The RF model was set up by using four parameters (SSHA, SSTA, SSSA, SSWA), three parameters (SSHA, SSTA, SSSA), and two parameters (SSHA, SSTA) as input data sets for performance comparison. STA was estimated by RF model at 16 depth levels by using three different combinations of sea surface parameters (four parameters, three parameters, and two parameters) as RF inputs for the sake of comparison. In addition to the RF method, we also set up an SVR model (a popular supervised learning model based on support vector machine (SVM)) for global STA estimation as a comparative experiment on which method is better-suited to detecting the global-scale STA. To ensure an optimal SVR model for comparison, we carried out a cross-validation (grid-search) quantitative analysis for obtaining the best penalty (C) and Gamma (G) parameters (C = 1, G = 8) for four-parameter SVR setup.

4 Results and Discussions

The sea surface parameters (SSHA, SSTA, SSSA, and SSWA) of the global ocean on October 2010 from satellite observations are shown in Figure 3. They are input data sets for RF model with the same temporal and global coverage. The SSHA, SSTA, SSSA, and SSWA range from −2 to 2 m, −4 to 3°C, −1.5 to 1.0 PSS and −4 to 4 m/s, respectively (Figure 3). The four sea surface parameters represent distinctive spatial features with obvious spatial heterogeneity over the global ocean. The SSHA shows a significant zonal block-pattern (positive or negative) distribution over different regions of the global ocean, with an especially pronounced negative pattern in the central and eastern equatorial Pacific Ocean and positive pattern in the western North and western South Pacific Ocean (Figure 3a). The SSTA presents a significant zonal distribution pattern. The negative SST anomaly in the central and eastern equatorial Pacific Ocean presents a La-Niña-like cooling pattern with −1.5°C of Nino 3.4 index. The SST in the tropical Indian Ocean shows a negative Indian Ocean Dipole (IOD) pattern (Figure 3b). The SSSA presents a zonal and even distribution pattern in different ocean basins (Figure 3c), while the SSWA shows a zonal block-pattern and longitudinal alternation distribution over the global ocean (Figure 3d).

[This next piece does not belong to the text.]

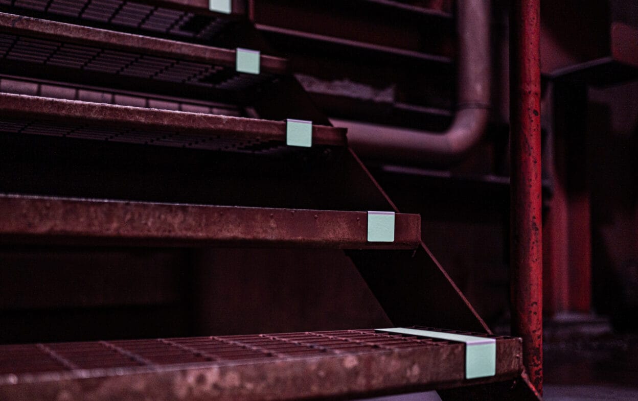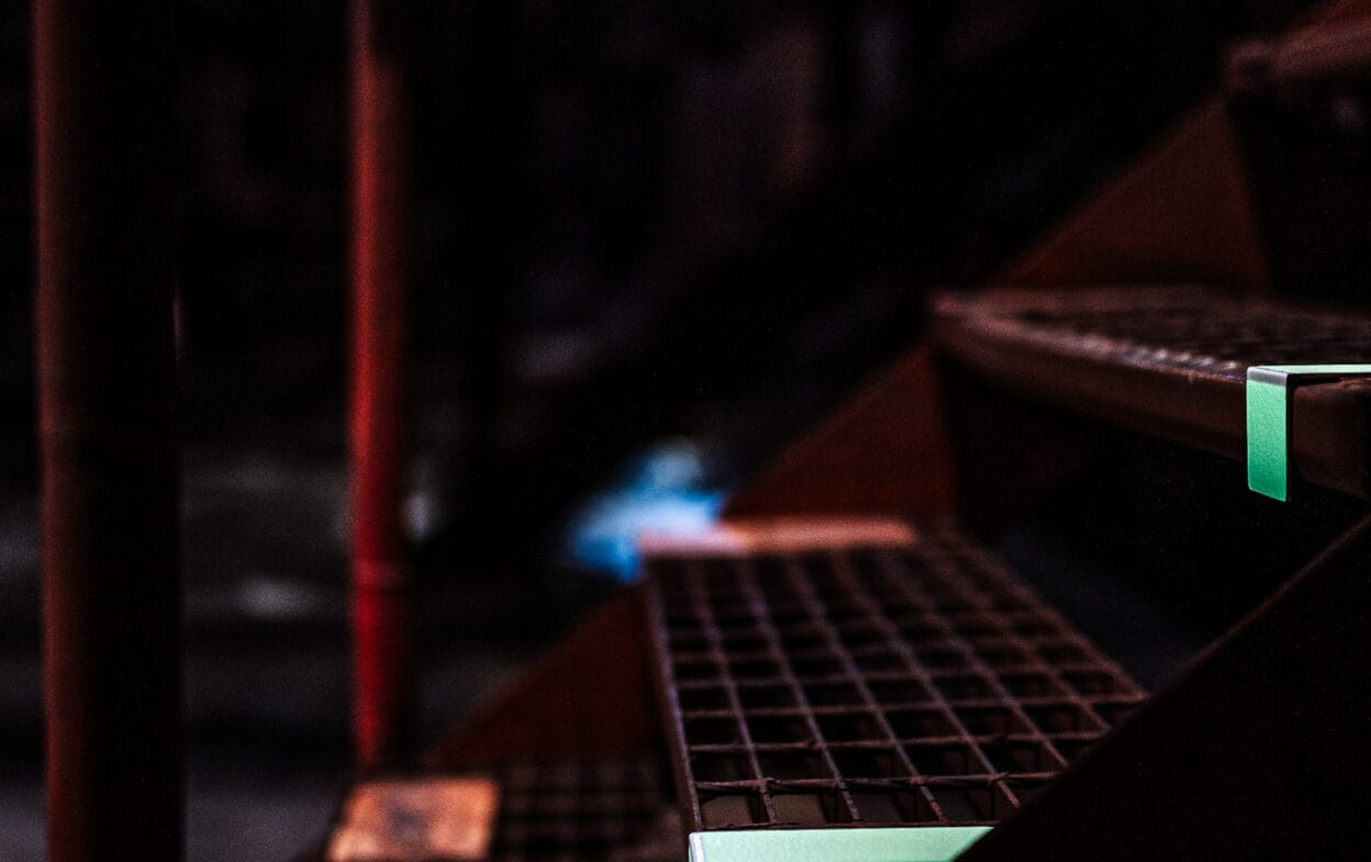 Högkvalitativa utrymningsmarkeringar kan vara avgörande vid en nödsituation och bör placeras på vardera sida av varje trappsteg.

Details are in the caption following the image

Monthly SSHA (a), SSTA (b), SSSA (c), and SSWA (d) for the global ocean from satellite observations (sea surface parameters as RF input data sets) with identical 1° × 1° spatial resolution on October 2010.

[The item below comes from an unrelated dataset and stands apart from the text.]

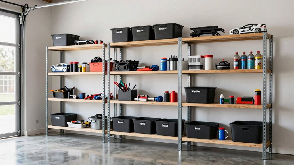 Are you making the most of your garage space? Choosing the right shelving units can dramatically improve storage efficiency. Look for adjustable height features so you can customize storage for different-sized items. Modular or expandable designs are great because they adapt as your needs change. Prioritize shelves with multiple tiers to maximize vertical space and boost overall capacity. Sturdy construction with high weight capacities ensures you can store heavy or bulky items without cluttering the area. Also, consider units that have a small footprint or corner configurations, especially if your garage has limited or irregularly shaped spaces. These options help you utilize every inch effectively, creating a clean, organized, and functional garage environment.

The RF experiments were set up for retrieving STA at 16 different depth levels upper 1,000 m (from 30 m to 1,000 m), respectively. The RF inputs included three combinations of sea surface parameters (four parameters (SSHA, SSTA, SSSA, SSWA), three parameters (SSHA, SSTA, SSSA), and two parameters (SSHA, SSTA)), which allowed us to determine which parameter combination is best-suited to the RF model and to explore the effects of SSS and SSW on the RF estimation. The RF-estimated STA from the four-parameter RF model at depths of 100, 300, 500, 700, and 1,000 m in the global ocean is shown in Figure 4. The Argo STA at the same depth levels was employed to verify the RF-estimated STA from the horizontal maps and to validate the prediction results per the performance measures discussed above (Figure 4 and Table 1).

Details are in the caption following the image

RF-estimated STA (left) based on four sea surface parameters (SSHA, SSTA, SSSA, SSWA) compared to Argo gridded STA (right) at different depth levels of the global ocean on October 2010.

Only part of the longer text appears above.